__Activity__: The needed output is the run of lines below from the one containing "Welcome to your" through the one containing "Our shamrock-shaped sugar", copied exactly and free of pictures.

__Task data__:

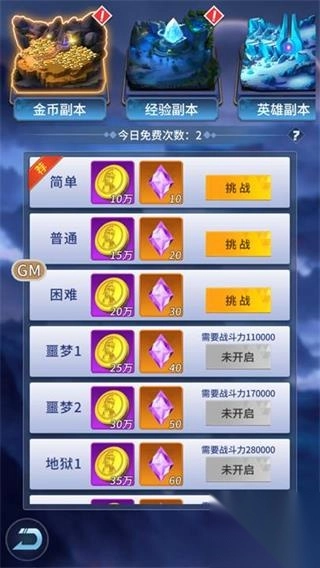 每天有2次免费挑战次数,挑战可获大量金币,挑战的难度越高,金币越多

* * *

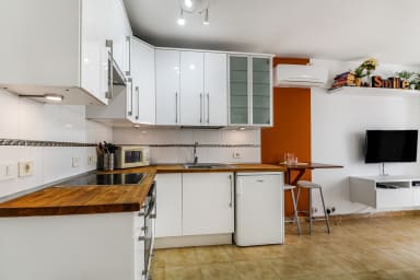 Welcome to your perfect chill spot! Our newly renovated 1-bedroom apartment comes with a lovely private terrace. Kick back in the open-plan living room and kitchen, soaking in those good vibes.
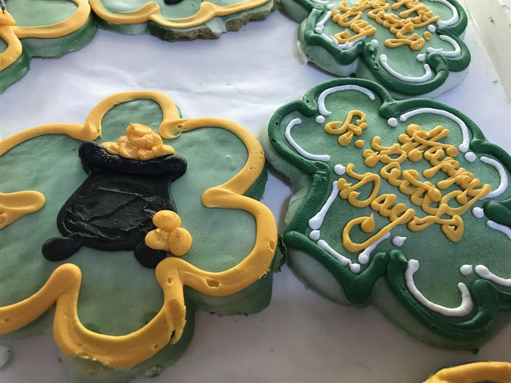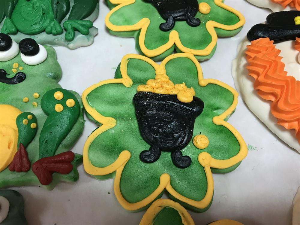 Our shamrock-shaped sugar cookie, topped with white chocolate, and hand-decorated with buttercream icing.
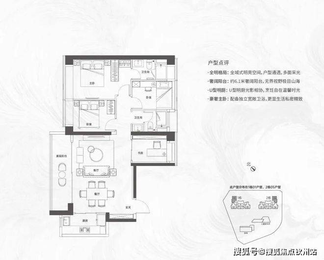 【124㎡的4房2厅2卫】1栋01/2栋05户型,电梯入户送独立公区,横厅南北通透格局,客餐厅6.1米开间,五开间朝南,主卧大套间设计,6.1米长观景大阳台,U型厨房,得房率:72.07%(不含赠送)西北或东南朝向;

--

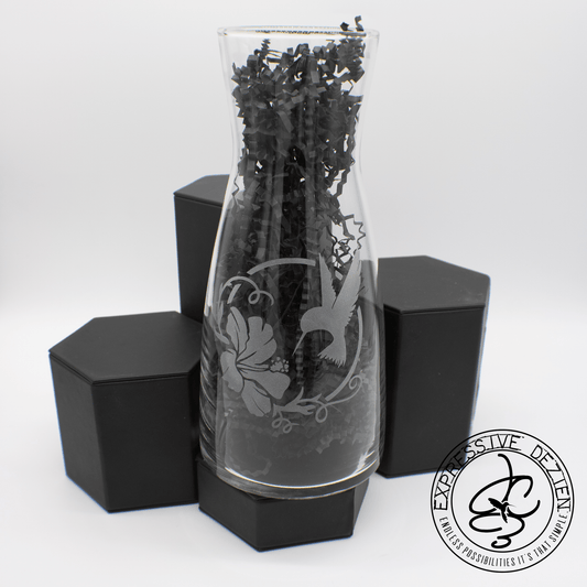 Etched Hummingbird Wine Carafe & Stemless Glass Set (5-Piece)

__Answer to this exercise__:
 Welcome to your perfect chill spot! Our newly renovated 1-bedroom apartment comes with a lovely private terrace. Kick back in the open-plan living room and kitchen, soaking in those good vibes.
 Our shamrock-shaped sugar cookie, topped with white chocolate, and hand-decorated with buttercream icing.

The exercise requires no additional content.